И это не должно удивлять, это естественно. Жизнь должна защищаться, бороться с болезнью. Надо только радоваться про­буждению от духовного сна, преодолению мировоззрения идеоло­гических кликуш и человеконенавистников, рядившихся в комму­нистические одежды. Надо радоваться тому, что мы признали за человеком право быть самим собой, не стыдиться своих страстей, добиваться личного успеха, но в то же время бояться одиночества, надвигающейся старости, смерти, право быть наедине с собой, когда этого требует душа, но в то же время проявлять соучастие, сострадание, милосердие к другим живым существам, к окружаю­щим.

Если бы жизнь действительно была беззащитна перед глу­постью, ненавистью, перед наваждением, то она бы давно погибла. Но она все же существует, развивается, периодически радуя людей праздниками ума, правды и справедливости.

Все-таки рано или поздно всему воздается по заслугам, все становится на места: посредственность обнаруживает свою посред­ственность, лесть, угодничество и беспринципность осуждаются, становятся предметом общественного презрения, а талант, чест­ность, интеллект занимают подобающее им место. Нынешняя победа здравого смысла, победа гуманизма, нравственного чувства, величайшие духовные достижения перестройки лишь подтверж­дают значение нравственного выбора, сделанного когда-то людьми, открывшими в себе чувство совести. Все-таки добро сильнее зла, ум сильнее воинствующей глупости!

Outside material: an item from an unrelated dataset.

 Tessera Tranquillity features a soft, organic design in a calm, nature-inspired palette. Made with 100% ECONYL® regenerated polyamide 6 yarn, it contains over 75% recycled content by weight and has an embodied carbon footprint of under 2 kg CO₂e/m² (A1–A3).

Сегодня должно удивлять совсем другое. Почему все же люди периодически срываются с высот человечности, здравого смысла, начинают верить в самые неправдоподобные небылицы? Почему они периодически теряют интерес к самому главному, к законам внутренней жизни человека, сохранения нравственного здоровья, забывают о тех страшных опасностях, которыми грозит расстрой­ство души? Почему на родине Тютчева, Достоевского, Толстого, в России, где интеллигенция была так чувствительна к духовным проблемам, так тонко понимала драму человеческого существова­ния, внутренней духовной жизни, на десятилетия восторжествова­ла идеология, запрещающая размышлять о добре и зле, о преступ­лении и наказании, о духовной автономии личности, о нравствен­ной ответственности тех, кто взял на себя труд учить других науке счастья, вести своих сестер и братьев по дороге истории?

Поражаться надо не тому, что здравый смысл побеждает, а тому, что люди, нередко теряя чувство реальности, сознательно начи­нают верить в то, что противоречит опыту не только их предков, но и их собственному, чему они не могут найти подтверждение даже в своей душе.

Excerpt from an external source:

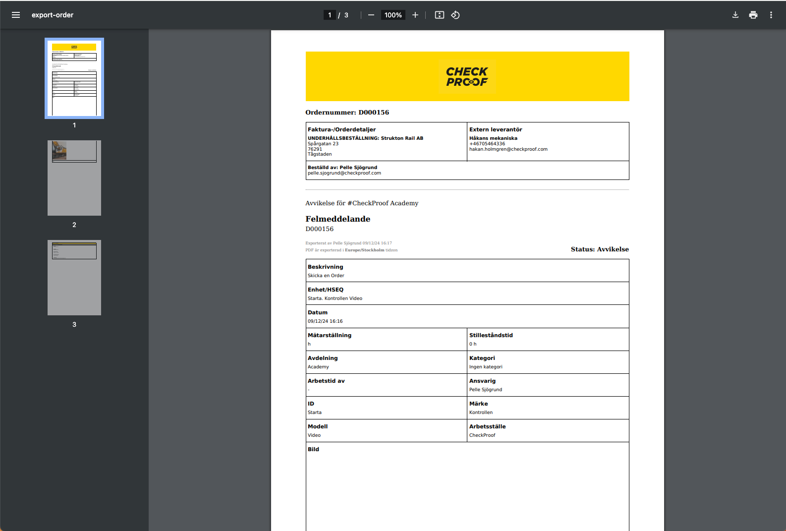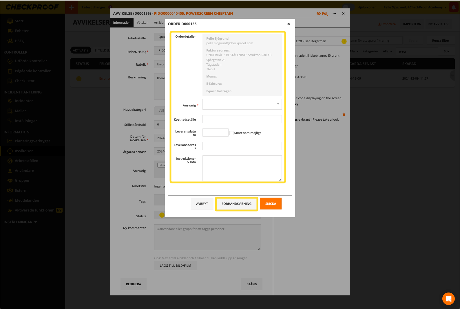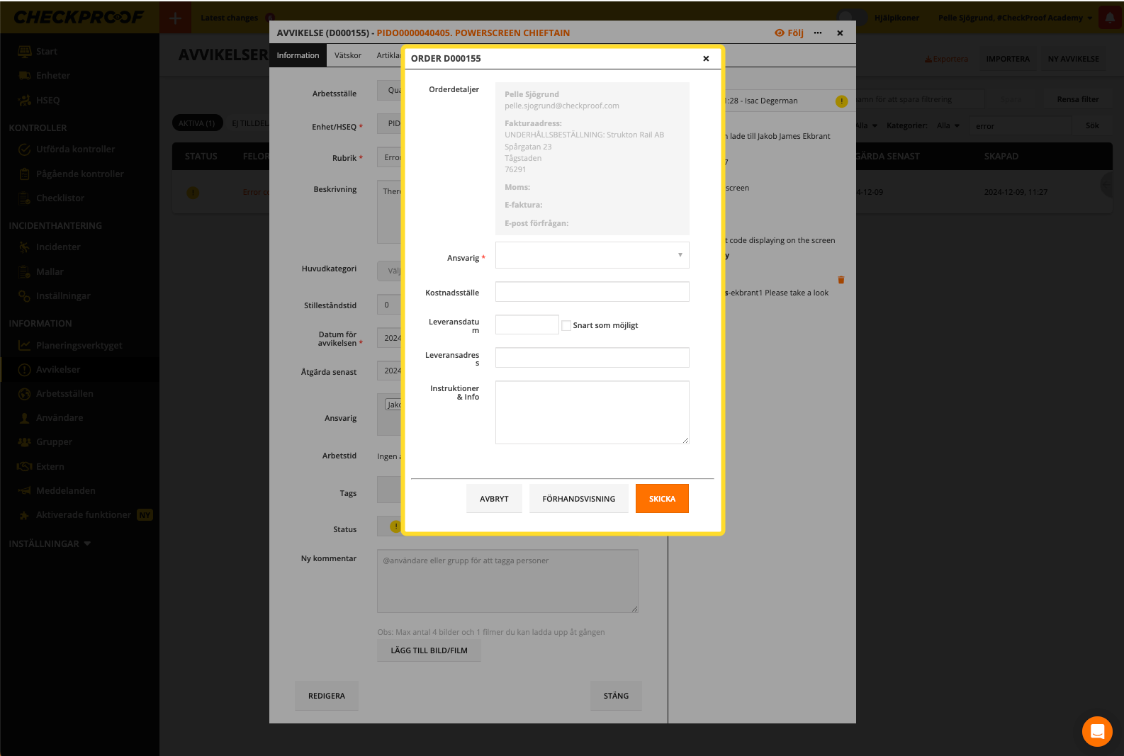 Bra! Nu vet du hur man lägger en order på en avvikelse till en extern partner från CheckProofs administrationspanel.

Почему до недавнего времени многие люди, не говоря уже о философах, боялись говорить вслух о том, что испытывают, чув-


ствуют как люди, духовные существа: о проблеме одиночества, о страхе перед смертью, о причинах самоубийств, о том, как трудно каждому найти смысл жизни, найти себя?

Глубоко убежден, что негативная реакция ряда философов на появление понятия «человеческий фактор», с обращения к кото­рому и начались эти мои размышления, была вызвана не столько заботой о чистоте гуманизма, сколько инстинктивным страхом перед теми неожиданными выводами и правдами, которые скры­вает в себе непознанный, вернее, забытый нами человек. По этой причине многие сегодня остановились перед теми философскими выводами, к которым подводит правда о гражданской войне, о терроре 30-х годов. На протяжении десятилетий мы изучали не человека, а категории, трактующие о законах истории, о сущности социализма, о будущем, не утруждая себя исследованием существо­вания людей, их повседневного духовного бытия. Вместо того что­бы стремиться преодолеть противоречие между сущностью и суще­ствованием, мы делали вид, что вообще нет проблемы духовного существования, что это выдумки церковников, экзистенциалистов.

В ЧЕМ МЫ БОЯЛИСЬ ПРИЗНАТЬСЯ

Еще четыре года назад попытки ввести в социологию, в учение о социализме такие понятия, как «социальная удовлетворенность», «социальное самочувствие», «сопереживания труда», не говоря уже о попытках напомнить о существовании внутренних, духов­ных пределов преобразования общественной жизни, предавались анафеме как уступка психологизму, подкоп под материалистичес­кие основы марксизма. Еще более тяжким* грехом было напоми­нание о биологической природе человека.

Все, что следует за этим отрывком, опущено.